# What the task asks:
Output the data unchanged and complete, minus the images.
[Data excerpts Boundary: Start]
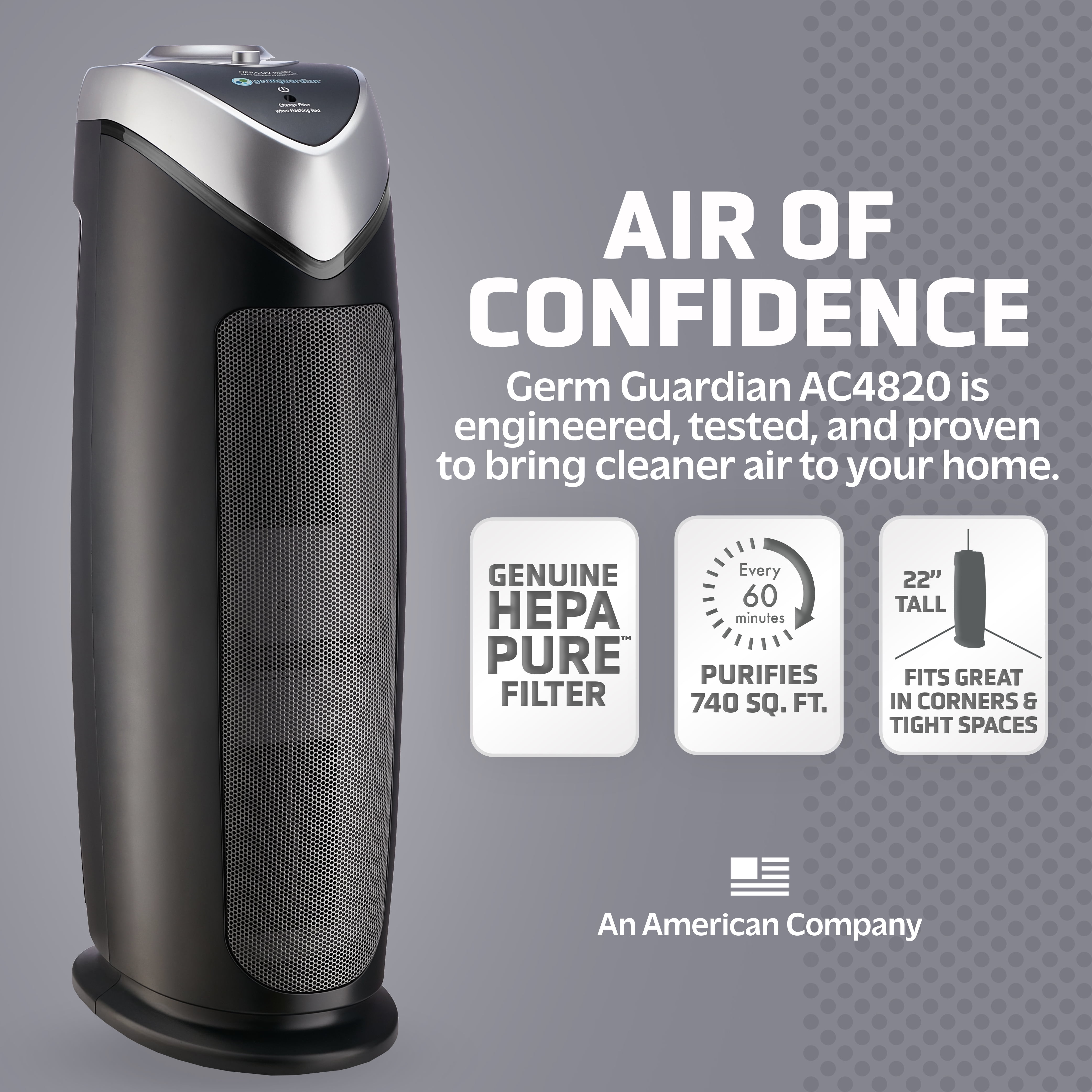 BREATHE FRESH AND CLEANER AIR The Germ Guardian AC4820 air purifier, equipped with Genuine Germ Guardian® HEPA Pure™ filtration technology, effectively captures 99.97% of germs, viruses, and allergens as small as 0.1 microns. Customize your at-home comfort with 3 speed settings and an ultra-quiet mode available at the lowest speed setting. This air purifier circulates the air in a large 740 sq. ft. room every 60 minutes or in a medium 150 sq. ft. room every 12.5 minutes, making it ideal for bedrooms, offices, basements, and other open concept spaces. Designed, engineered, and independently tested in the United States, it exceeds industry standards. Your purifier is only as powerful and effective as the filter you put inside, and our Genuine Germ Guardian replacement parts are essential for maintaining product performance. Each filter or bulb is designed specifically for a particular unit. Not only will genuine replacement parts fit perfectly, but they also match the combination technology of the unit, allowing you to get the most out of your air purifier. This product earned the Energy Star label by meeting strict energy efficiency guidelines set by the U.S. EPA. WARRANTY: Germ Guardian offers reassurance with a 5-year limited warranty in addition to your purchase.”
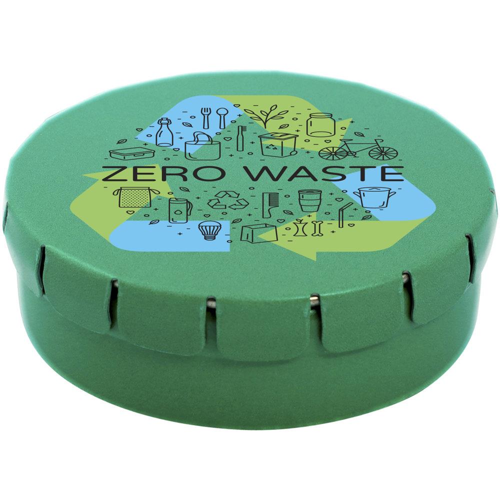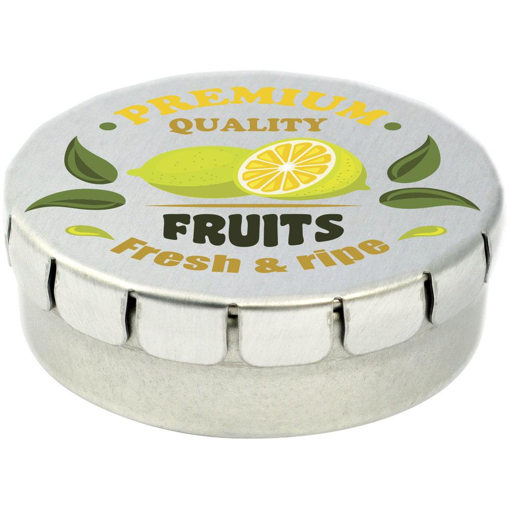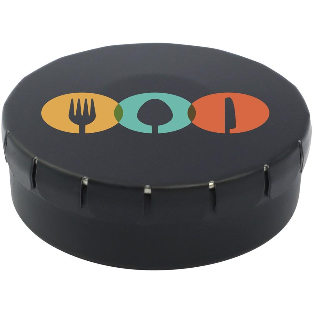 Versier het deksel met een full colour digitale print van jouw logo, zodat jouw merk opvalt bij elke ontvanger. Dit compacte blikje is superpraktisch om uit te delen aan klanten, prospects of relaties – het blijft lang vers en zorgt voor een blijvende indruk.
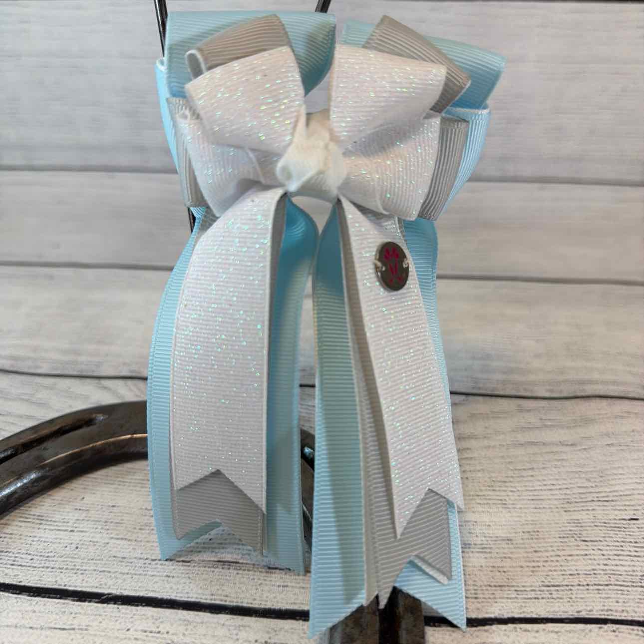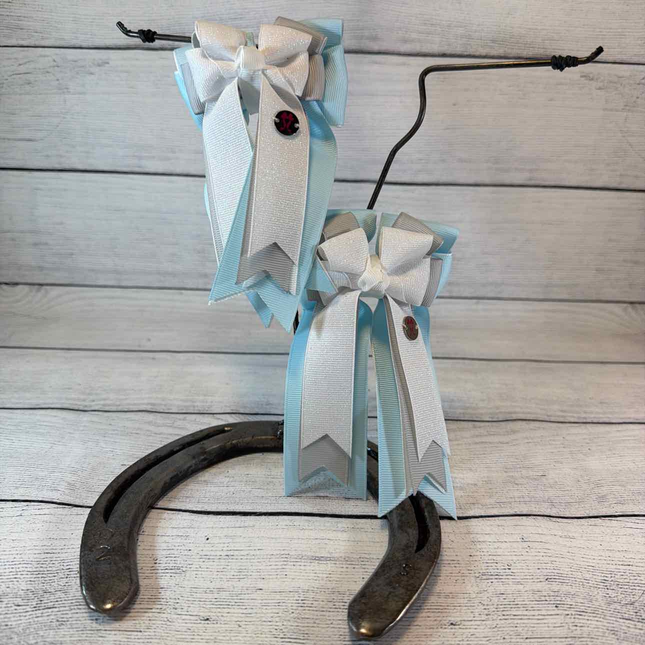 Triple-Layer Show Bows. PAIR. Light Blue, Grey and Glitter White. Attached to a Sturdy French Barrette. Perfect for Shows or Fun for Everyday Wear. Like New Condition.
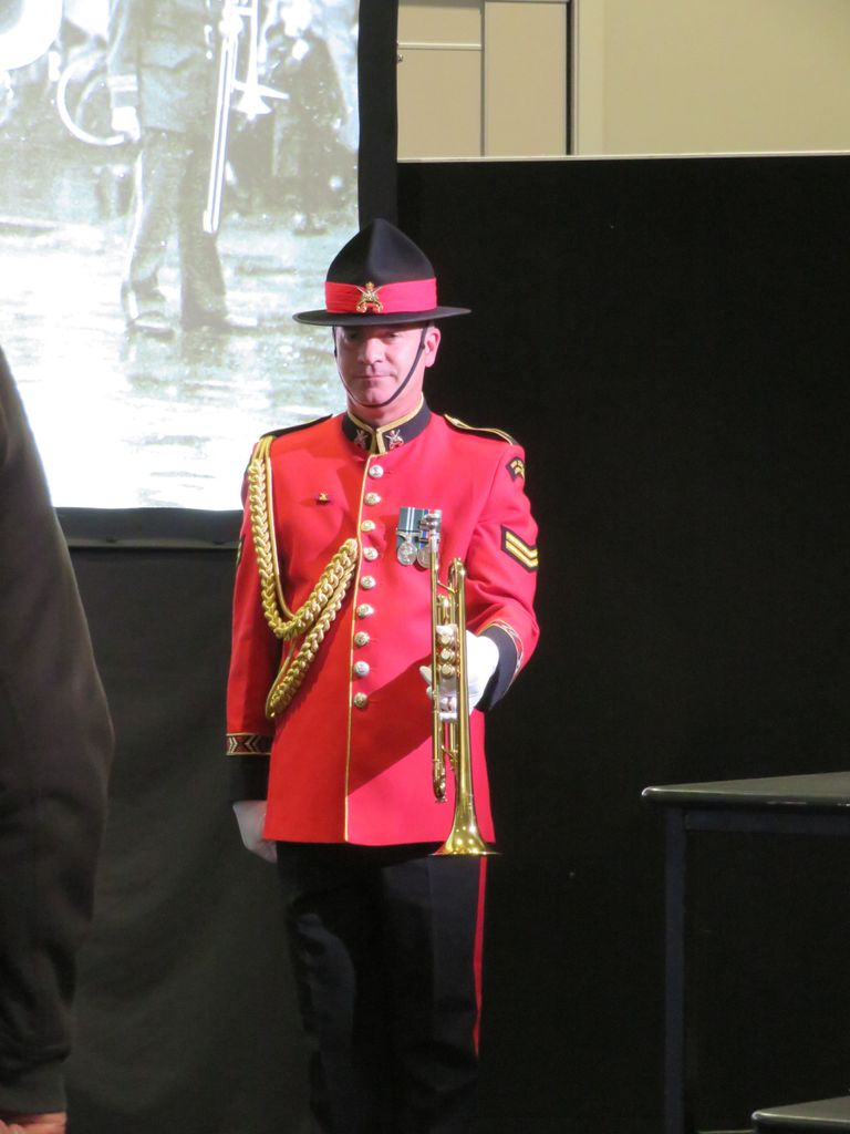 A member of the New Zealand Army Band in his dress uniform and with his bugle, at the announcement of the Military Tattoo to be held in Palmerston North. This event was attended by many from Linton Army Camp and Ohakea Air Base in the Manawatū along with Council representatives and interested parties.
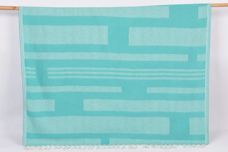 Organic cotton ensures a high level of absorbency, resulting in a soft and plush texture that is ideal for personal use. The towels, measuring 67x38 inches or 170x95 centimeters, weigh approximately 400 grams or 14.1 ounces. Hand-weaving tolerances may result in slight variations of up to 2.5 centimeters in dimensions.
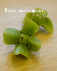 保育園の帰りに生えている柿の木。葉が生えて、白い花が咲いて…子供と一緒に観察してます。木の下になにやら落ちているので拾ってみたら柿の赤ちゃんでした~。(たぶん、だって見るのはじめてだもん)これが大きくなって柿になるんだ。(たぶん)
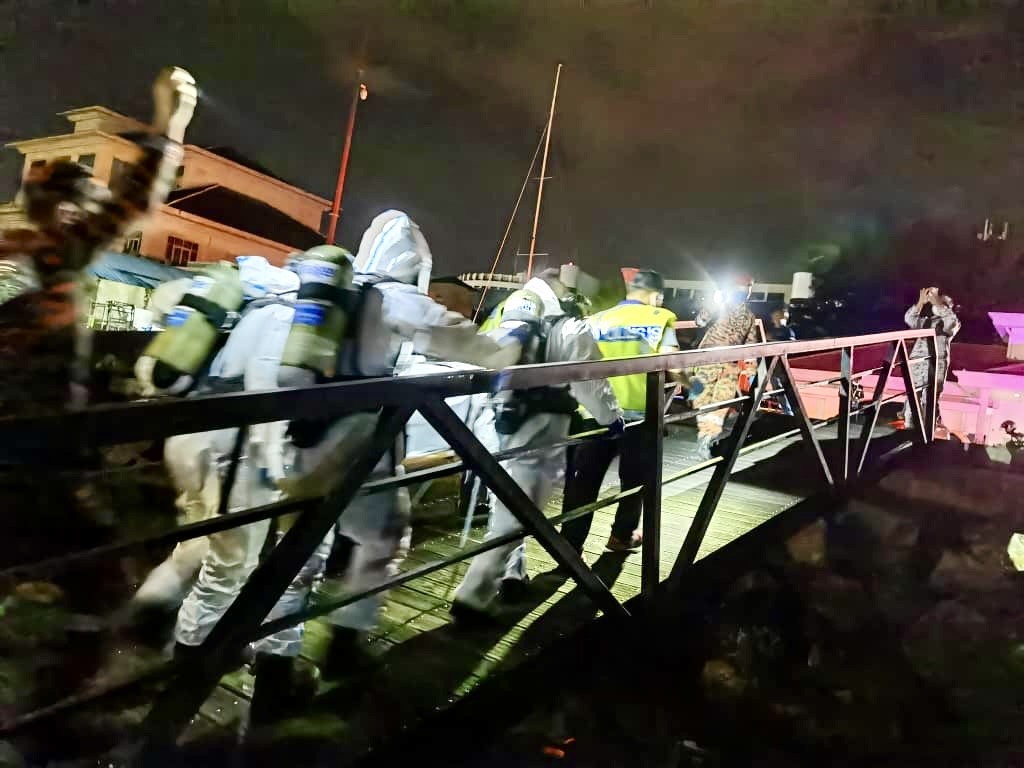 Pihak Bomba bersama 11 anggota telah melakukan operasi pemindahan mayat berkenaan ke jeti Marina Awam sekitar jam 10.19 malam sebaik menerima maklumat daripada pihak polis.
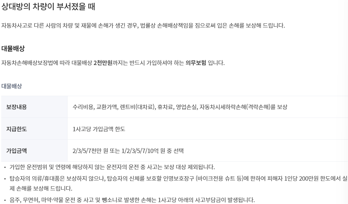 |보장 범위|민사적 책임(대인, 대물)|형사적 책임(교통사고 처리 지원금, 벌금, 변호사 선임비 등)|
[Data excerpts Boundary: End]
# Answer box:
 BREATHE FRESH AND CLEANER AIR The Germ Guardian AC4820 air purifier, equipped with Genuine Germ Guardian® HEPA Pure™ filtration technology, effectively captures 99.97% of germs, viruses, and allergens as small as 0.1 microns. Customize your at-home comfort with 3 speed settings and an ultra-quiet mode available at the lowest speed setting. This air purifier circulates the air in a large 740 sq. ft. room every 60 minutes or in a medium 150 sq. ft. room every 12.5 minutes, making it ideal for bedrooms, offices, basements, and other open concept spaces. Designed, engineered, and independently tested in the United States, it exceeds industry standards. Your purifier is only as powerful and effective as the filter you put inside, and our Genuine Germ Guardian replacement parts are essential for maintaining product performance. Each filter or bulb is designed specifically for a particular unit. Not only will genuine replacement parts fit perfectly, but they also match the combination technology of the unit, allowing you to get the most out of your air purifier. This product earned the Energy Star label by meeting strict energy efficiency guidelines set by the U.S. EPA. WARRANTY: Germ Guardian offers reassurance with a 5-year limited warranty in addition to your purchase.”
 Versier het deksel met een full colour digitale print van jouw logo, zodat jouw merk opvalt bij elke ontvanger. Dit compacte blikje is superpraktisch om uit te delen aan klanten, prospects of relaties – het blijft lang vers en zorgt voor een blijvende indruk.
 Triple-Layer Show Bows. PAIR. Light Blue, Grey and Glitter White. Attached to a Sturdy French Barrette. Perfect for Shows or Fun for Everyday Wear. Like New Condition.
 A member of the New Zealand Army Band in his dress uniform and with his bugle, at the announcement of the Military Tattoo to be held in Palmerston North. This event was attended by many from Linton Army Camp and Ohakea Air Base in the Manawatū along with Council representatives and interested parties.
 Organic cotton ensures a high level of absorbency, resulting in a soft and plush texture that is ideal for personal use. The towels, measuring 67x38 inches or 170x95 centimeters, weigh approximately 400 grams or 14.1 ounces. Hand-weaving tolerances may result in slight variations of up to 2.5 centimeters in dimensions.
 保育園の帰りに生えている柿の木。葉が生えて、白い花が咲いて…子供と一緒に観察してます。木の下になにやら落ちているので拾ってみたら柿の赤ちゃんでした~。(たぶん、だって見るのはじめてだもん)これが大きくなって柿になるんだ。(たぶん)
 Pihak Bomba bersama 11 anggota telah melakukan operasi pemindahan mayat berkenaan ke jeti Marina Awam sekitar jam 10.19 malam sebaik menerima maklumat daripada pihak polis.
 |보장 범위|민사적 책임(대인, 대물)|형사적 책임(교통사고 처리 지원금, 벌금, 변호사 선임비 등)|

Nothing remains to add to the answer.